The thing about a lot of our modern computers is that they use public infrastructure.

I like the way you word this since it highlights a critical feature. "Public infrastructure" and not "government infrastructure". Why is it that the government thinks it can commandeer this infrastructure? The government, being a body elected by the people and supposedly held accountable for its actions by those same people should act as representatives for those people. Walk through a busy mall one day and ask anybody you can find if they would be cool with the government listening on their personal communications. Not just the private bits, everything. See how many will tell you "yeah, I'm totally cool with that".

People nowadays put up with it because they think they're not being targeted. That it's to stop terrists[sic] and criminals and thugs. But when some unpopular piece of legislation is up for a vote and you decide to join the protest rally to voice your discontent on that item there's a great chance your name is in a government database somewhere as a dissenting member of the public. For the vast majority of people it won't make a lick of difference - it won't affect their lives in any way, shape or form. But if the government decides to lash out against its dissenters (and some would argue this has already begun) this has the potential to be misused in a rather vile manner.
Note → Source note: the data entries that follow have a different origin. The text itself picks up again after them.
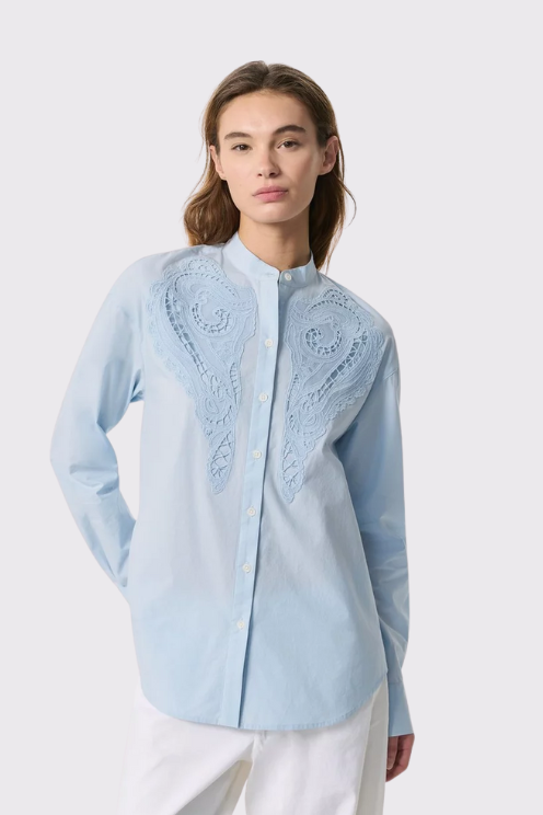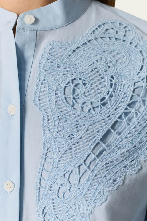 Crisp cotton meets feminine detail in this refined blouse, featuring tonal embroidery and openwork lace along the front bib. The band collar and full-length sleeve keep the look tailored, while the intricate design adds a romantic twist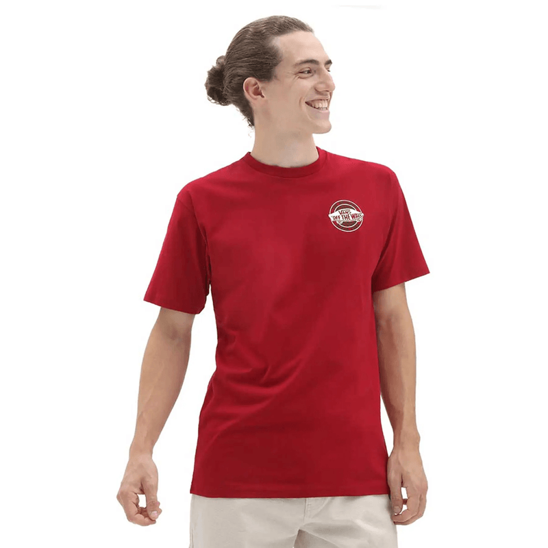 Esta camiseta Vans de manga corta terminará tu búsqueda de la camiseta perfecta para que puedas concentrarte en las cosas más importantes. Está diseñado con el detalle del logotipo de Vans en el lado izquierdo del pecho y en el centro de la espalda. Esta camiseta roja está hecha de 100 % algodón y presenta "Vans Off the Wall The Original Since 1966".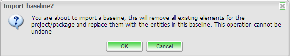 3. Click to select the baseline you would like to revert back to or alternatively you could import a baseline from your file system to restore (see the section below for details). Click on the Restore button on the toolbar. A confirmation message will appear. To proceed, click OK.

Judge: "This is the case of malfunctioning citizen 51135453433549773 vs The State. How do you plead?"

You: "Not guilty, your honor."

Judge: "Care to elaborate?"

You: "A law was passed that would allow the state to run a nuclear powerplant literally in the plot adjacent my back yard. I'm not comfortable with that so I joined a rally to protest that decision."

Judge: "By your own admission here in court you dissented against this great state, admitting your guilt in this case. You are hereby sentenced to 3 years hard labor in Alaska. NEXT!"

[cheeto]

Our rights to privacy are practically gone.

Thanks to Homeland security. (as well as other Governing bodies around the world)

OK, I agree that it's important to have "some" security but to infringe on our rights of privacy?

That's pretty expensive if you ask me.

After 911, Our rights were lost and there is no going back too.